As a consequence, this first impact on freedom of speech seems underevaluated.

2. All content types are targeted

Most content protection systems currently operated focus on contents from the entertainment industry:

  • videos and movies
  • music

On the other hand, Internet sharing applies to many other types of contents, for example photographs.

Again, the burden on Internet sites will be significant, with the same risks for abusive blocking, which also amplifies the consequences on the other listed issues.

3. Issues with respect to Freedom of Speech

As explained above and confirmed by many non-profit organizations, similarity detection systems are unable to differentiate illegal use from legal use such as a quote, a meme, a parody, etc.

It also happens frequently that works that are initially free of use are erroneously blacklisted, for example after being presented or quoted in protected TV shows or TV news.

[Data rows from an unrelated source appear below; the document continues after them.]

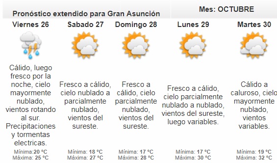 La Dirección de Meteorología pronostica una jornada cálida con precipitaciones dispersas.
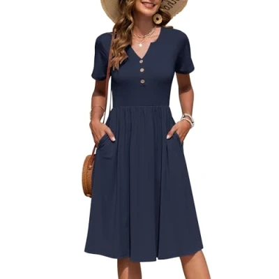 AUSELILY Women's Summer Short Sleeve Midi Dresses V Neck Empire Button Knee Length Dress with Pockets Navy Blue S
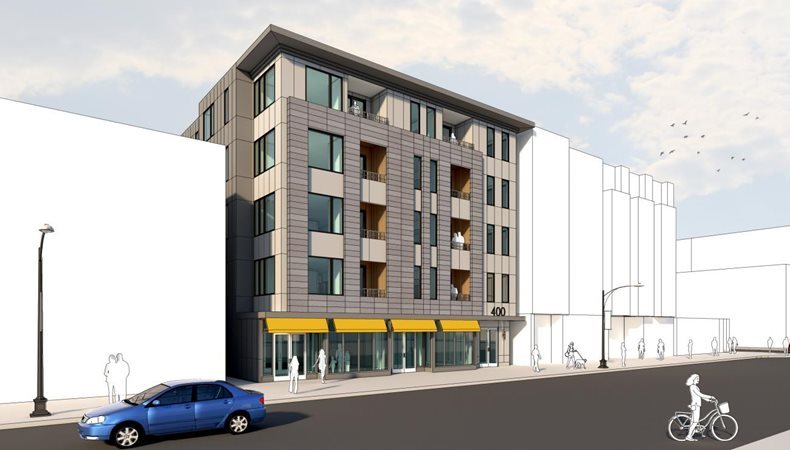 Broadway RJTP, LLC proposes a new five-story, mixed-use building located at 400 West Broadway consisting of 36 residential units, two commercial retail spaces and garage parking for 34 vehicles. The Proposed Project is approximately 43,225 SF and the site is comprised of one parcel of land that is 9,560± SF.
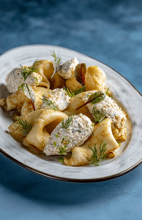 Place cheese and sliced salmon on top of each pancake and garnish with greens.
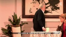 Théâtre des Bouffes Parisiens : interview de Robert HIRSCH (assis fumant devant la scène des Bouffes Parisiens) sur les causes de son départ de la Comédie Française et les raisons de son choix de la pièce d'Yves JAMIAQUE "Monsieur Amilcar" qu'il va créer, mise en scène par Jacques CHARON. Extraits de la pièce avec Robert HIRSCH et Judith MAGRE.
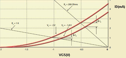 Um dos problemas que os transistores efeito de campo apresentam é a variação de parâmetros. Por exemplo, para um mesmo tipo de transistor, o valor de VP pode variar entre dois limites, alterando, consequentemente, o ponto de operação. A Figura 5 mostra o que acontece com o ponto Q quando consideramos duas curvas-limite, uma para um transistor com VP = –2 V e outra com VP = –1,8 V para dois valores de resistência de fonte: RS = 200 Ω e RS = 1000 Ω. Observe que, quanto maior o valor de RS, menor é a variação (ΔID), porém o ponto de operação se dará em uma região menos linear e de menor ganho.
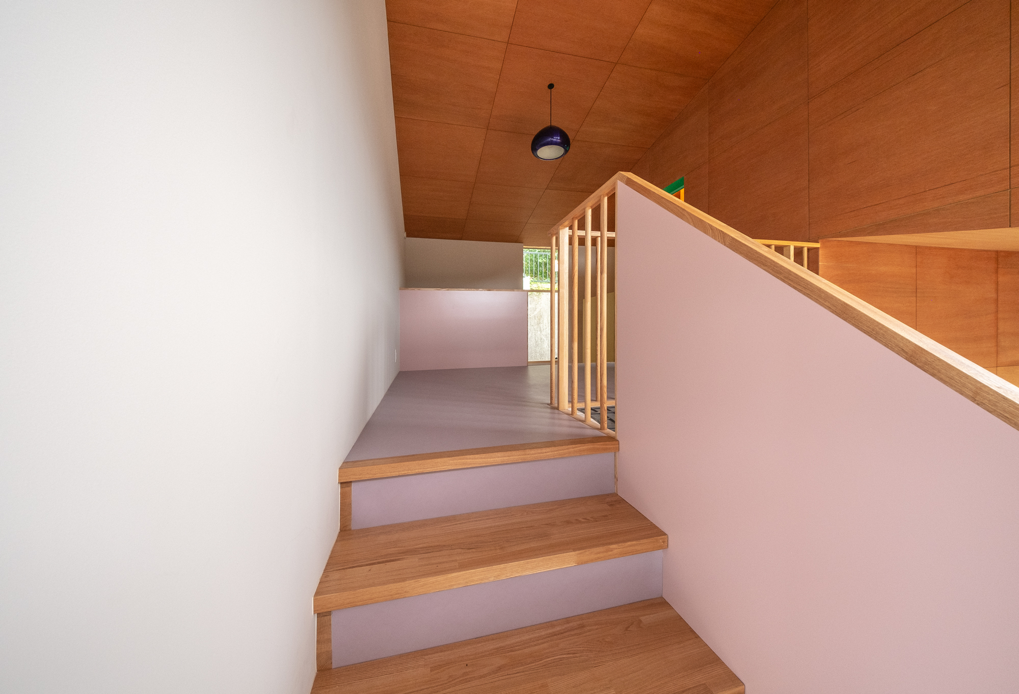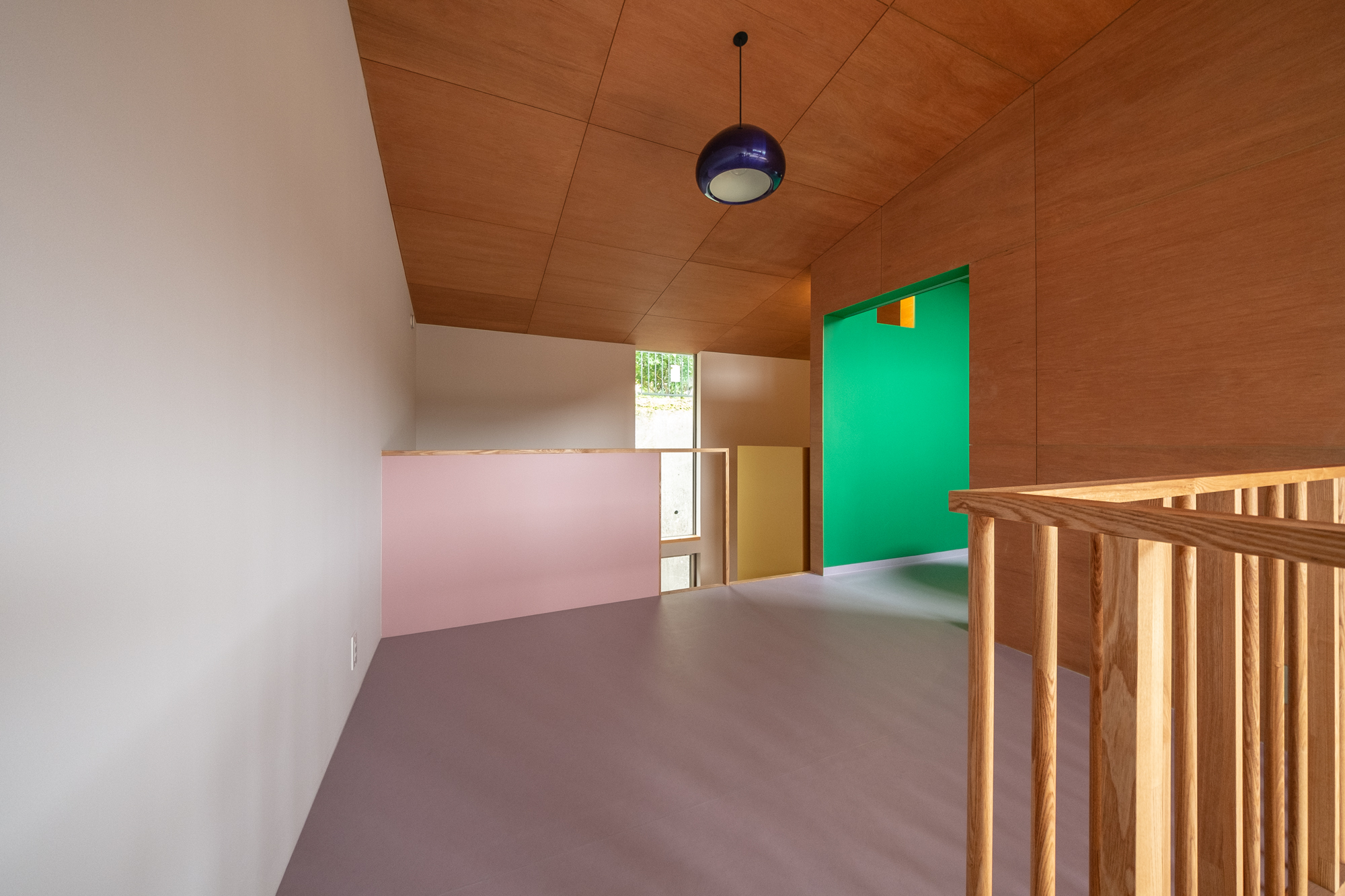 加えて、家族の色の思い出も家に盛りこみました。床に紫色のリノリウムを採用しているのですが、この色には子供との思い出があります。この家に暮らす前、都内の井の頭線沿線に住んでいました。電車が大好きだったまだ小さい息子は井の頭線に夢中で、最初に発した言葉が、なんと車両カラーの「バイオレット」でした。それ以来私たち家族は紫色が思い入れのある色となり、『葉山の住宅』を作る際にも家に紫色を使用することにしました。

In any case, content detection systems already result, when they are implemented, in abusive censorship. To force their generalization through the Directive can only be severely harmful to Freedom of Speech, especially on social networks, making it more difficult to exercise the above mentioned legal exceptions.

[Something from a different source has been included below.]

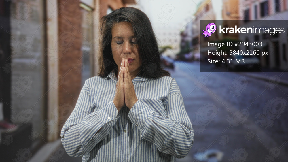 Woman presses hands together in prayer on a city street, eyes closed, wearing a blue and white striped shirt; contemplation.
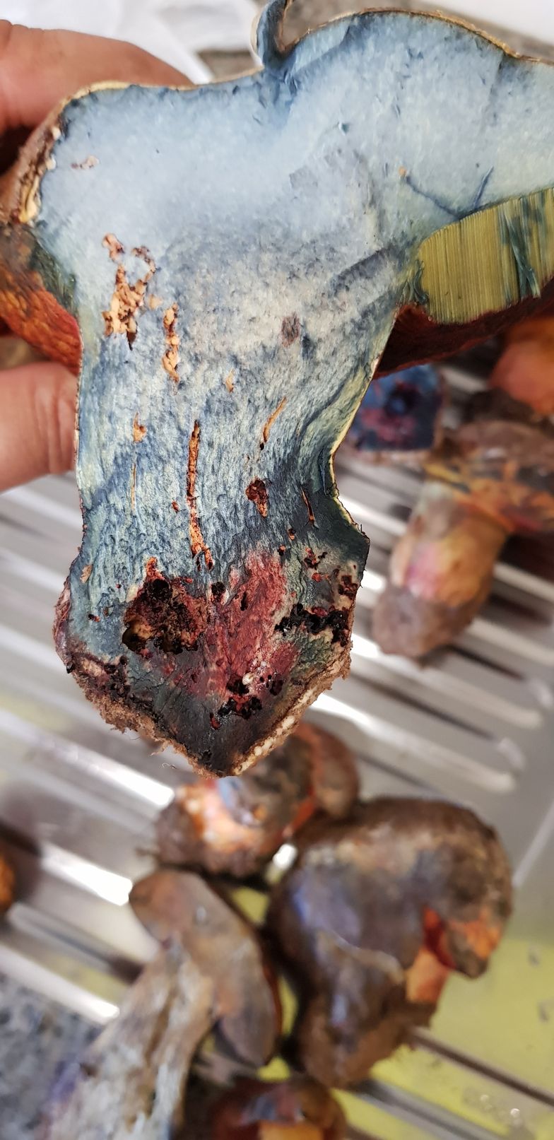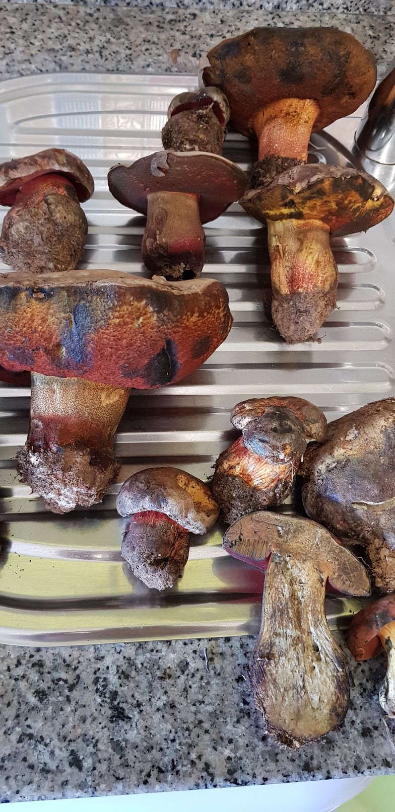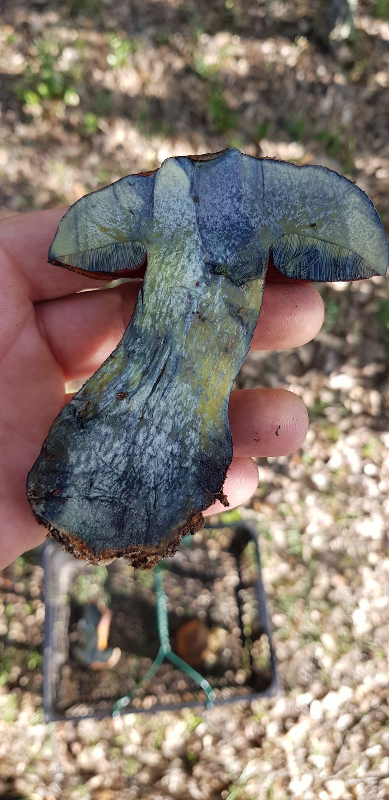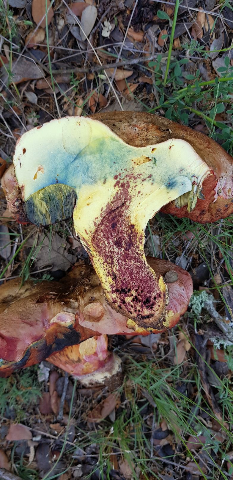 Estos ejemplares fueron recogidos bajo encinas y robles. Pienso que podría tratarse de erytropus pero como no lo tengo muy claro prefiero asegurarme. Como se puede ver azulean al corte y me llamó la tención que tras un buen rato vuelven a recuperar su color original.

Finally, as explained, widening content detection systems to all types of contents can only make this risk more acute.

4. The proposed legal dispositions are inefficient to protect rightholders

As explained, similarity systems like Content-Id are not usable at global scale because of their cost, and exact match systems are easy to bypass.

Furthermore, similarity systems are already deployed on major sites, as explained by the impact assessment study:

In all, as content recognition technologies are already applied by the major user uploaded content services, it is likely that this option would not lead to significant increases in unjustified cases of prevented uploads compared to the current situation

In other words, Article 13 is not needed since the goals it seeks to achieve are already implemented where it matters.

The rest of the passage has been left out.